((

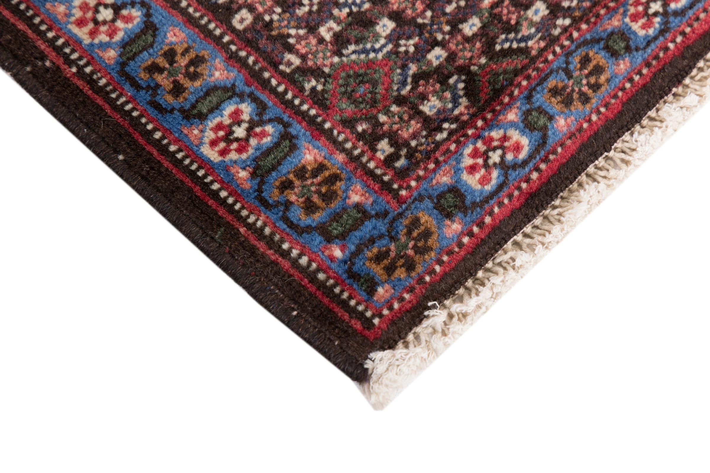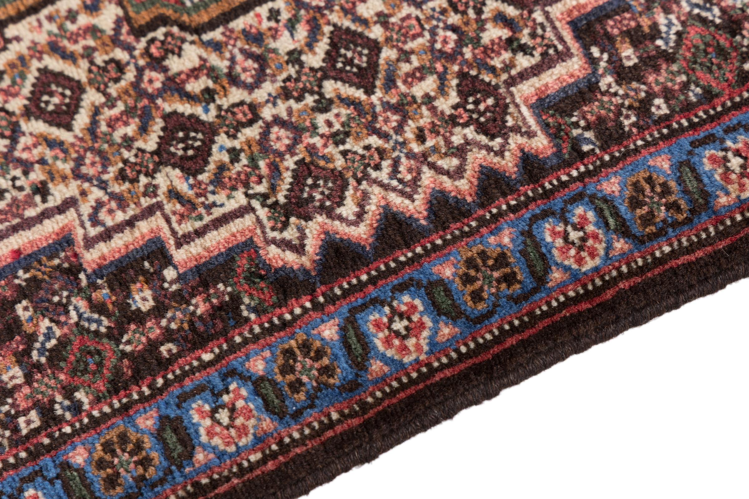 This rug belongs to village and nomadic rugs from Iran, formerly Persia. This type of rug is knotted by hand in smaller towns and villages in old tradition. Even nomads still knot Persian rugs in the open air. The rugs are knotted without a draft and completely from the mind. They are characterized by classical ornaments, which are arranged in straight and geometrical patterns. Thanks to their cultural-traditional origin, these rugs have a unique character that embodies ancient Persia.
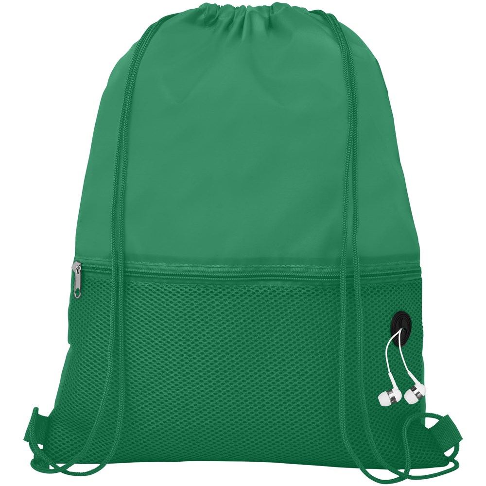 Rugzak met hoofdvak met trekkoordsluiting in bijpassende kleur. Beschikt over een mesh voorvak met rits en een opbergvak voor oortjes. Geschikt voor een gewicht tot 5 kg.
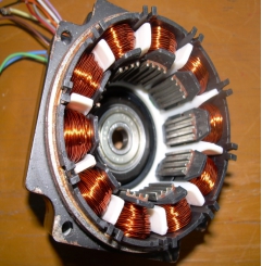 图4.2是步进电机的定子和转子结构图,图中是五相绕组有10个线圈。转子圆周上分布许多齿,但分为两段,相互错开一半齿距角这是混合式步进电机的结构。
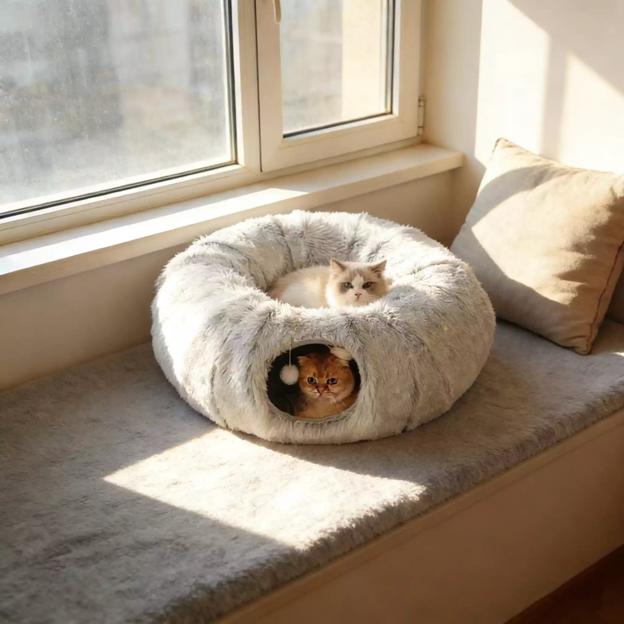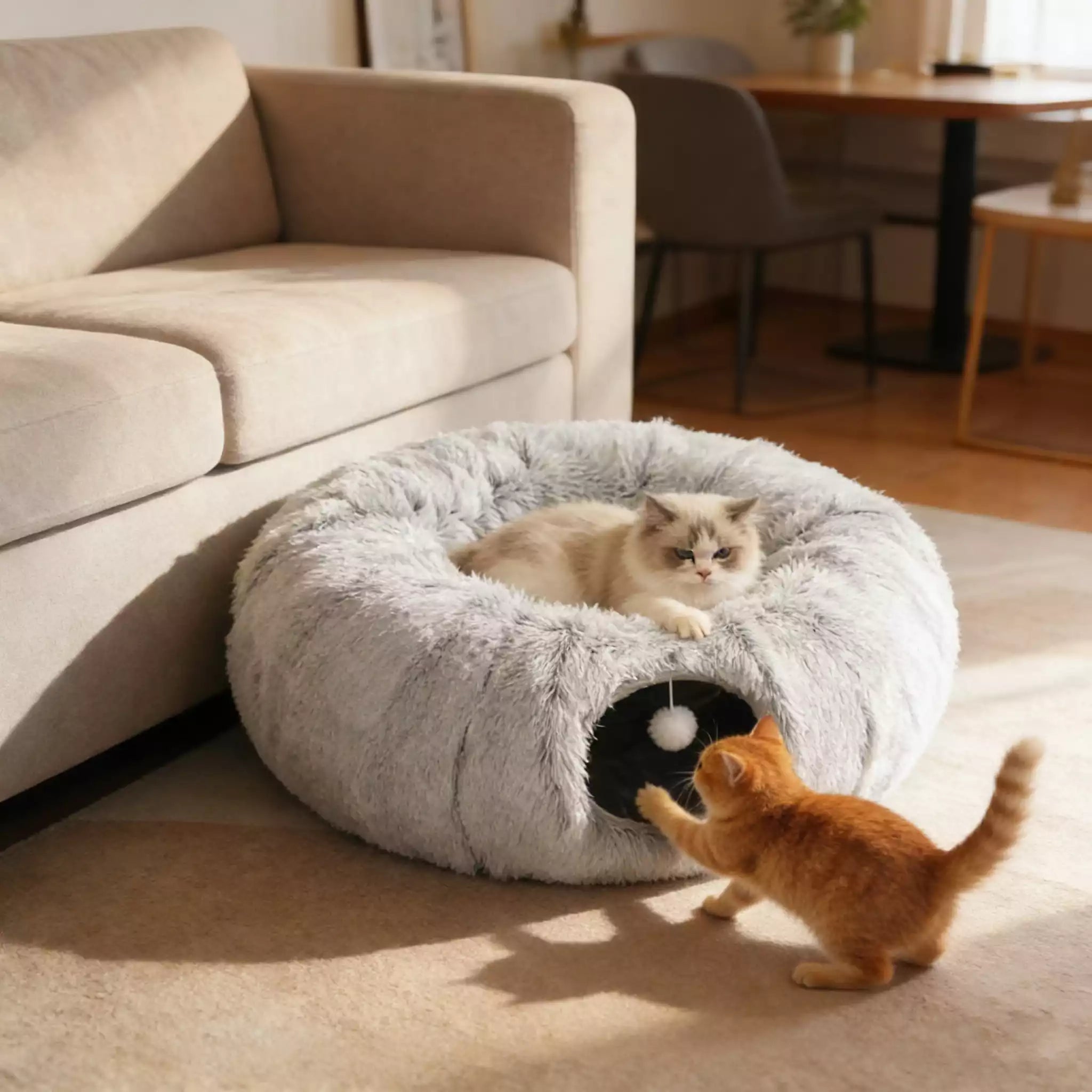 Indulge your feline companions in the ultimate cozy-play retreat with our Plush Cat Bed Tunnel Nest—the perfect blend of comfort, fun, and functionality for indoor kitties!
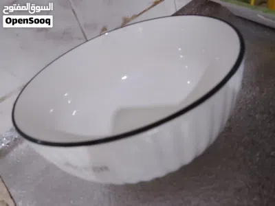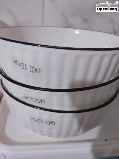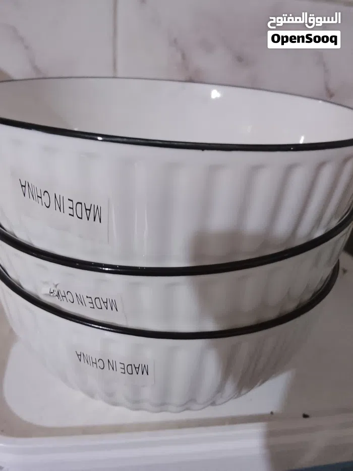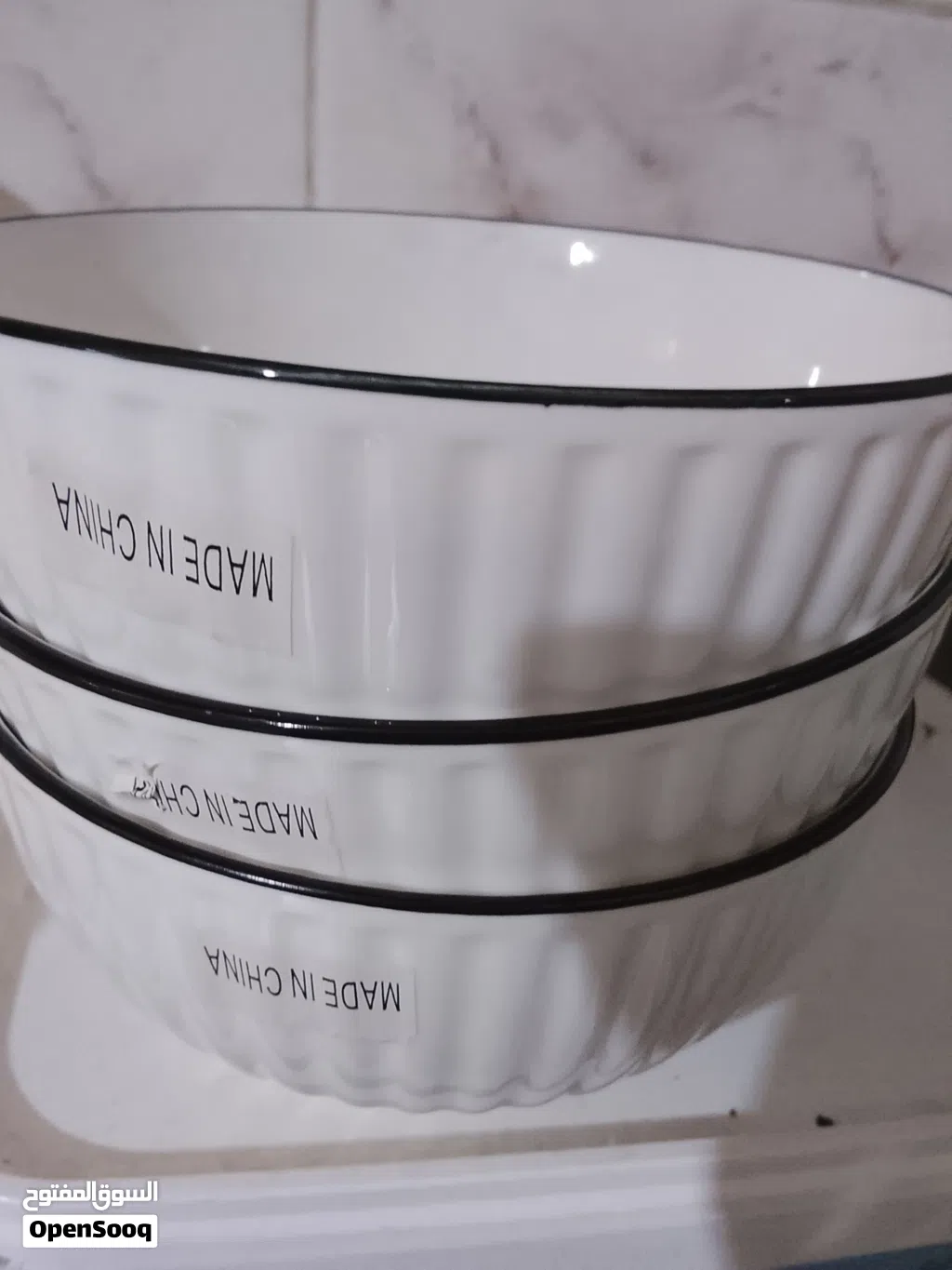 6 صحون شوربة حجم وسط محزز وإطار أسود من أعلى بورسلان لون ابيض زجاج عميق انيق وفخم
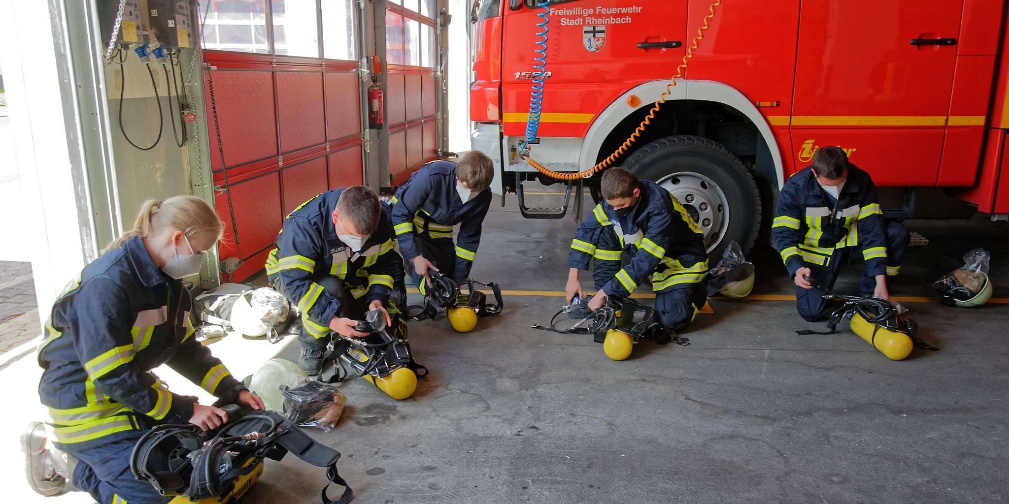 Mitte Mai wurden die Corona-Vorgaben so weit gelockert, dass die Freiwillige Feuerwehr der Stadt Rheinbach den praktischen Ausbildungsbetrieb wiederaufnehmen konnte. Und so wurde nach längerer „Corona-Pause“ ab dem 20. Mai ein Lehrgang zum Tragen von Atemschutzgeräten durchgeführt.

))

Your assignment
An exact, image-free transcript of the material is required.

Answer to this exercise
 This rug belongs to village and nomadic rugs from Iran, formerly Persia. This type of rug is knotted by hand in smaller towns and villages in old tradition. Even nomads still knot Persian rugs in the open air. The rugs are knotted without a draft and completely from the mind. They are characterized by classical ornaments, which are arranged in straight and geometrical patterns. Thanks to their cultural-traditional origin, these rugs have a unique character that embodies ancient Persia.
 Rugzak met hoofdvak met trekkoordsluiting in bijpassende kleur. Beschikt over een mesh voorvak met rits en een opbergvak voor oortjes. Geschikt voor een gewicht tot 5 kg.
 图4.2是步进电机的定子和转子结构图,图中是五相绕组有10个线圈。转子圆周上分布许多齿,但分为两段,相互错开一半齿距角这是混合式步进电机的结构。
 Indulge your feline companions in the ultimate cozy-play retreat with our Plush Cat Bed Tunnel Nest—the perfect blend of comfort, fun, and functionality for indoor kitties!
 6 صحون شوربة حجم وسط محزز وإطار أسود من أعلى بورسلان لون ابيض زجاج عميق انيق وفخم
 Mitte Mai wurden die Corona-Vorgaben so weit gelockert, dass die Freiwillige Feuerwehr der Stadt Rheinbach den praktischen Ausbildungsbetrieb wiederaufnehmen konnte. Und so wurde nach längerer „Corona-Pause“ ab dem 20. Mai ein Lehrgang zum Tragen von Atemschutzgeräten durchgeführt.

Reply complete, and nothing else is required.